README.tokencap
1=========================================
2strcmp() / memcmp() token capture library
3=========================================
4
5 (See ../docs/README for the general instruction manual.)
6
7This Linux-only companion library allows you to instrument strcmp(), memcmp(),
8and related functions to automatically extract syntax tokens passed to any of
9these libcalls. The resulting list of tokens may be then given as a starting
10dictionary to afl-fuzz (the -x option) to improve coverage on subsequent
11fuzzing runs.
12
13This may help improving coverage in some targets, and do precisely nothing in
14others. In some cases, it may even make things worse: if libtokencap picks up
15syntax tokens that are not used to process the input data, but that are a part
16of - say - parsing a config file... well, you're going to end up wasting a lot
17of CPU time on trying them out in the input stream.
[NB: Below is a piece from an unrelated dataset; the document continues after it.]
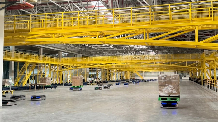 在关键作业环节,一系列无人化、智慧化、数字化技术的应用让效率与安全实现双重提升。货物收运环节,该货站引入RFID射频识别技术,货物与托盘信息可实现秒级绑定赋码,全面推动受理全流程无纸化;安检环节搭载AI智能辅助判图系统,通过X光机自动成像与AI算法精准识别,有效提高违禁品判图效率;驳运环节大规模使用轻载AGV无人自动导引车,依托智能导航系统精准对接货板,实现高精度、全天候的定位搬运,同时通过重载集装器AGV及配套设备设施,实现从组板台至立体货架交接台的驳运任务无人化;仓储环节搭载国内首台立体穿梭存储系统通过多台升降机与穿梭车协同作业,在24米高立体货架中实现货物快速精准存取,并行作业效能实现倍数级增长。

In other words, use this
18feature with care. Manually screening the resulting dictionary is almost
19always a necessity.
20
21As for the actual operation: the library stores tokens, without any deduping,
22by appending them to a file specified via AFL_TOKEN_FILE. If the variable is not
23set, the tool uses stderr (which is probably not what you want).
24
25Similarly to afl-tmin, the library is not "proprietary" and can be used with
26other fuzzers or testing tools without the need for any code tweaks. It does not
27require AFL-instrumented binaries to work.
28
29To use the library, you *need* to make sure that your fuzzing target is compiled
30with -fno-builtin and is linked dynamically. If you wish to automate the first
31part without mucking with CFLAGS in Makefiles, you can set AFL_NO_BUILTIN=1
32when using afl-gcc. This setting specifically adds the following flags:
33
34 -fno-builtin-strcmp -fno-builtin-strncmp -fno-builtin-strcasecmp
35 -fno-builtin-strcasencmp -fno-builtin-memcmp -fno-builtin-strstr
36 -fno-builtin-strcasestr
37
38The next step is simply loading this library via LD_PRELOAD. The optimal usage
39pattern is to allow afl-fuzz to fuzz normally for a while and build up a corpus,
40and then fire off the target binary, with libtokencap.so loaded, on every file
41found by AFL in that earlier run. This demonstrates the basic principle:
42
43 export AFL_TOKEN_FILE=$PWD/temp_output.txt
44
45 for i in <out_dir>/queue/id*; do
46 LD_PRELOAD=/path/to/libtokencap.so \
47 /path/to/target/program [...params, including $i...]
48 done
49
50 sort -u temp_output.txt >afl_dictionary.txt
51
52If you don't get any results, the target library is probably not using strcmp()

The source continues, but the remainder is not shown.